Ouvi o som dos passos dela subindo as escadas, cada batida no vidro soando como um desafio. Quando ouvi a porta do quarto dela se fechar - mas não o som da fechadura, pois eu sabia que ela não ousaria quebrá-la na primeira noite - eu finalmente soltei o ar que nem percebi que estava prendendo.
Eu bebi o uísque de um gole só, sentindo o líquido queimar minha garganta. Eu tinha o que queria. O controle da empresa estava garantido. Mas, enquanto olhava para a escada por onde ela tinha acabado de subir, percebi que o contrato era a parte fácil.
O difícil seria manter minhas mãos longe dela.
Subi as escadas meia hora depois. O corredor estava silencioso, iluminado apenas por luzes de LED embutidas no chão. Passei pela porta dela. Estava entreaberta, exatamente como eu ordenei. A luz do luar entrava pela janela enorme, desenhando o contorno de Beatriz na cama. Ela já tinha se trocado; eu conseguia ver o brilho de uma camisola de seda clara.
Parei por um segundo, observando o movimento rítmico de seus ombros enquanto ela dormia - ou fingia dormir. A vontade de entrar, de sentir o calor daquela pele novamente, de reivindicar o que o papel dizia ser meu, era quase insuportável.

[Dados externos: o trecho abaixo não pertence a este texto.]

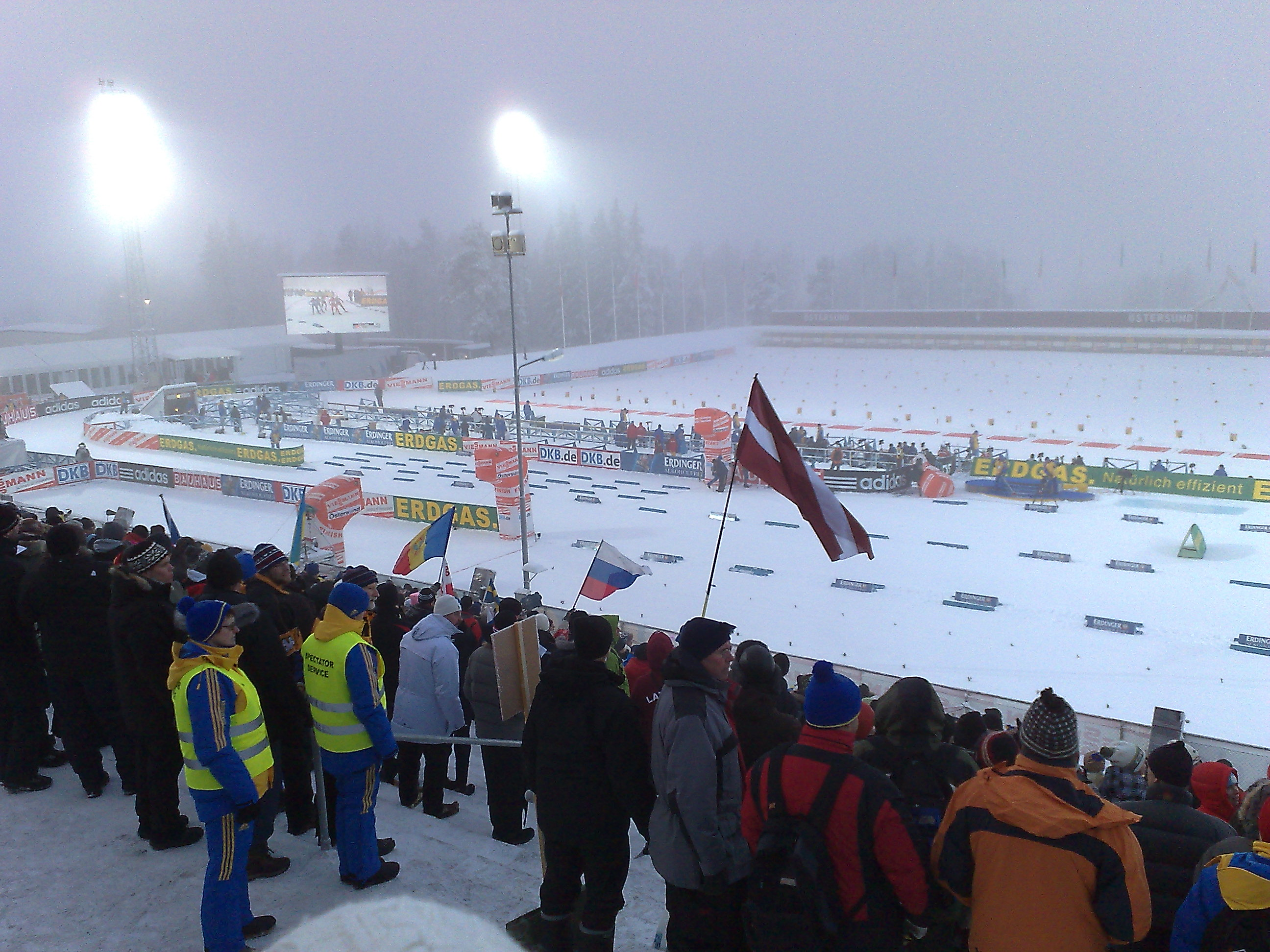 Worldcup in biathlon 2008/2009 in Östersund

Eu era um homem de lógica, de cálculos. E Beatriz Lovatelli era a única variável que eu não conseguia prever.
Entrei no meu próprio quarto, mas não consegui dormir. Cada som daquela cobertura parecia amplificado. Eu conseguia imaginá-la ali, a poucos metros de distância, odiando-me e desejando-me na mesma proporção.
Peguei meu celular e vi a primeira página dos portais de fofoca. "Arthur Valente e a Arquiteta de Ouro: O Casamento do Século ou o Negócio da Década?". As fotos do jantar estavam em todo lugar. Em uma delas, eu estava olhando para ela com uma intensidade que nem eu mesmo reconheci.
- Você não faz ideia do que começou, Beatriz - murmurei para o teto escuro.
Naquela noite, o Tubarão de São Paulo não sonhou com ações ou fusões. Sonhou com olhos verdes de tempestade e com o gosto de um beijo que prometia ser a minha ruína.